News reports indicate that bargaining between the White House and Congressional Republicans over next year’s budget is now intense. It is easy to understand why. The President’s efforts to restructure the world economy via tariffs have inspired vast opposition, generating deep misgivings even among many of his strongest supporters within big business. A failure now to extend his signature 2017 tax cut legislation might well fatally damage his standing among business leaders who have so far soft-pedalled their misgivings.

But President Trump’s efforts to increase his sway over the Federal Reserve have stalled. In the short run, at least, it is clear that the Fed will not cut rates as long as it perceives inflation to be a serious threat. And, rightly or wrongly, anxieties that the tariff increases will lead to higher inflation are running rampant.

This redoubles the urgency of the long-running campaigns by big business and finance to cut the federal budget deficit. The tax cuts are heavily weighted toward the wealthy. And the evidence is now compelling that in recent years, consumption spending in the US has been driven heavily by affluent Americans. Extending the tax cuts without cuts in federal spending elsewhere will push up total demand for a long time to come in an economy that, at least until “Liberation Day,” was widely considered to be at least slightly inflationary.

It is obvious that if the tax cuts are extended without major cuts in the rest of the budget, the Fed will be even more reluctant to cut rates.

This will pose problems for the White House at several levels. The outcry from deficit hawks, already deafening, will become even shriller. Perhaps a more immediate threat, however, is the implication for US exchange rates. The White House international economic policies have never been principally about tariffs. The incessant talk about a new “Plaza Accord” stems from the administration’s aspiration to bring off a kind of hat trick in international economics: lower the value of the dollar relative to its major trading partners, while maintaining its status as the world’s leading currency. Though right now the US and its trading partners are light years from any accord, the dollar has dropped substantially against its trading partners. With central banks in many other countries cutting rates, that will not persist for very long if the Fed holds firm.

Which brings us to the problem Republicans have with cutting Medicaid. We hope it is now obvious that economic appeals to lower-income Americans were always basic to Trump’s appeal in earlier elections and that the one-sided emphases by most analysts on racial and cultural appeals left out a crucial component of his allure.

Trump has for now ruled out reducing Medicare, whatever doubts about a future breakdown of the program may have been sown by the way DOGE was allowed to rage through its famously lean structure.
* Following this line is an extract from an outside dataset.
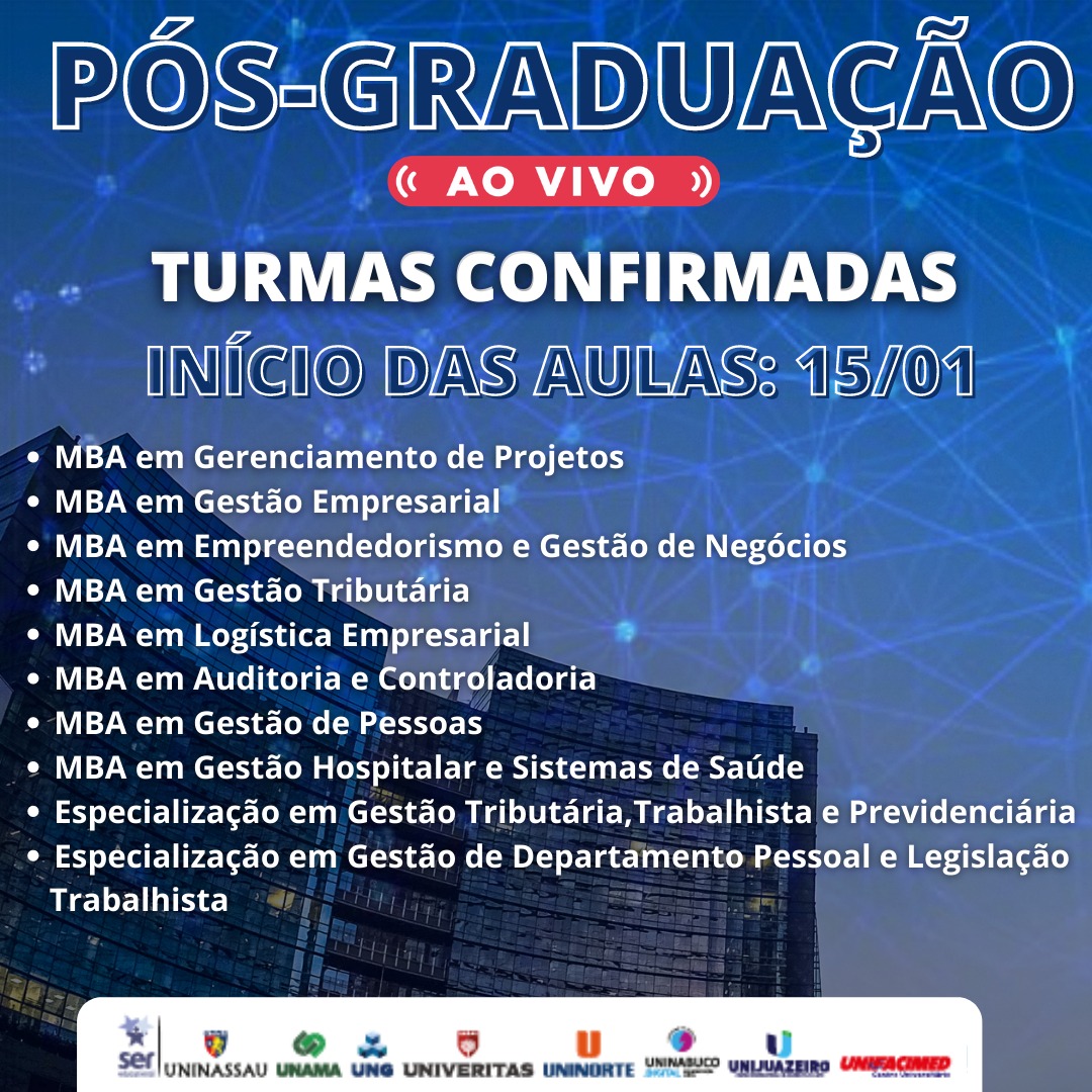As aulas da Pós-Graduação Ao Vivo iniciam em 15 de janeiro, veja a lista das turmas abaixo:

Budget trimmers have thus focused on Medicaid, which provides care for the least affluent Americans.

Data from the AP VoteCast 2024 General Election survey shows the dilemma facing the Republicans right now. Table 1 displays how voters for both Trump and Harris felt about expanding Medicaid in their states.

Table 1: Majorities of Both Trump and Harris Voters Favored Medicaid Expansion

MEDICAID EXPANSION

Trump

Harris

All

Strongly favor

31.7%

70.5%

46.3%

Somewhat favor

33.6%

20.9%

28.8%

Somewhat oppose

23.0%

4.6%

16.1%

Strongly oppose

11.7%

4.0%

8.8%

Counts

1799

1085

2884

Source: Authors’ calculations from AP VoteCast 2024 General Election

Reading down the column for the Republicans shows segments holding views that arguably fit caricatures of “country club” Republicans: They “strongly oppose” or “somewhat oppose” expanding the program. But a heavy majority of Trump voters favor expansion either “somewhat” or “strongly.” [1]

Right now, Republicans championing major cuts have their work cut out for them. Many are touting the program as wasteful and demanding work requirements. With compelling new evidence coming in that Medicaid spending is highly effective and that work requirements are a futile waste of time and resources, how they resolve their dilemma will reverberate in both markets and politics for a long time.


Note

[1] The split and a look at other surveys convince us that concerns about rationalization and issues that sometimes arise in surveys are minimal in this case.